Thursday, April 28, 2011

A Matter of Life and Life

Ezekiel 37:1-14
Acts 3:11-26
John 15:12-27
There is a fascinating theme running through our three readings for today. In Ezekiel 37:1-14 the prophet tells of a valley of dry bones restored to life. This is an image both of resurrection (the raising of the bones) and of inspiration (the granting of breath), one suitable for both Easter and Pentecost. But it also speaks of life before and after death. In the book of Acts we read Peter’s words to the crowd in the temple. Speaking of Jesus he says, “and you killed the Author of life, whom God raised from the dead. To this we are witnesses” (Acts 3:14). Here again there is reference to both resurrection and inspiration, for it was by the name of the resurrected Jesus that Peter and John were able to heal a lame man. But again there is an emphasis on life before and after death, because Jesus, who was crucified, is the “Author of life” and the source of life eternal. In John’s gospel we read Jesus’ familiar words, “No one has greater love than this, to lay down one’s life for one’s friends” (John 15:13). Here Jesus points to his death as the source of life for others, inspiring his disciples to live his message of love even in the face of death because death does not really end life; it leads to resurrection. John’s gospel ties it all together nicely.
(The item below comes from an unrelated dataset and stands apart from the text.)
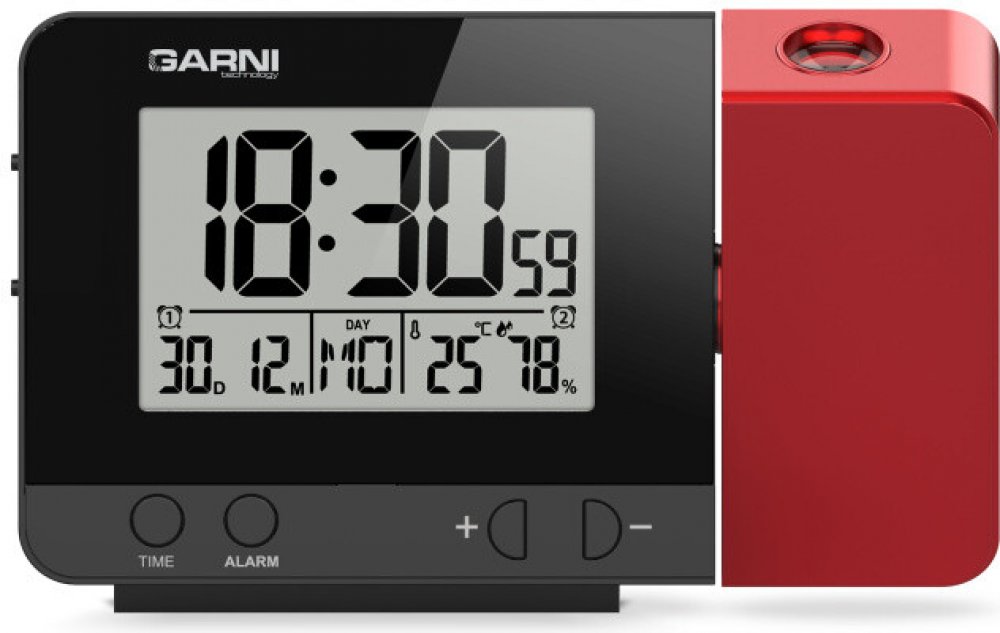 Digitální budík s projekcí času a vnitřní teploty s LCD displejem, časem řízeným rádiovým signálem DCF-77 a měřením vnitřní teploty a relativní vlhkosti
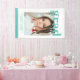 Photo Graduation Party Elegant Modern Script Banner Party Sign feature your favourite photo with the simple turquoise text "Grad (year)" and your name and personalized graduation details on the front. Perfect for the grad as a graduation gift or graduation party decor. Created by ©Evco Studio www.zazzle.com/store/evcostudio

It is this last passage that is referenced in the Walt Disney film “The Jungle Book.” There Bagheera the leopard offers this eulogy for his friend Boloo the bear. “But you must remember, Mowgli, ‘Greater love hath no one than he who lays down his life for his friend.’ When great deeds are remembered in this jungle, one name will stand above all others: Our friend, Baloo the bear” (“The Jungle Book,” Walt Disney Pictures, 1967). These are “inspiring words” when offered in the film’s context; Baloo has died––Bagheera believes––while saving the life of Mowgli. But in the original context of John’s gospel they are more than inspiring because they point to the life that comes after death.

The season of Eastertide in which we find ourselves is about more than resurrection OR inspiration. It is about life, and the life that comes after life. It is a time to rejoice that Jesus was willing to die, and to remember that God continued to act, even through that death. Like the valley of dry bones and the man born lame, Jesus, too, was raised up. We may look forward to being raised up as well, may hope in the life that comes after death. And we may thank God that Jesus was willing to die for friends, a term which refers to us. Truly, Eastertide is a matter of life and life.

Prayer: Lord, we thank you for your work in raising us up to share in the resurrection life of Jesus Christ, in whose name we pray. Amen.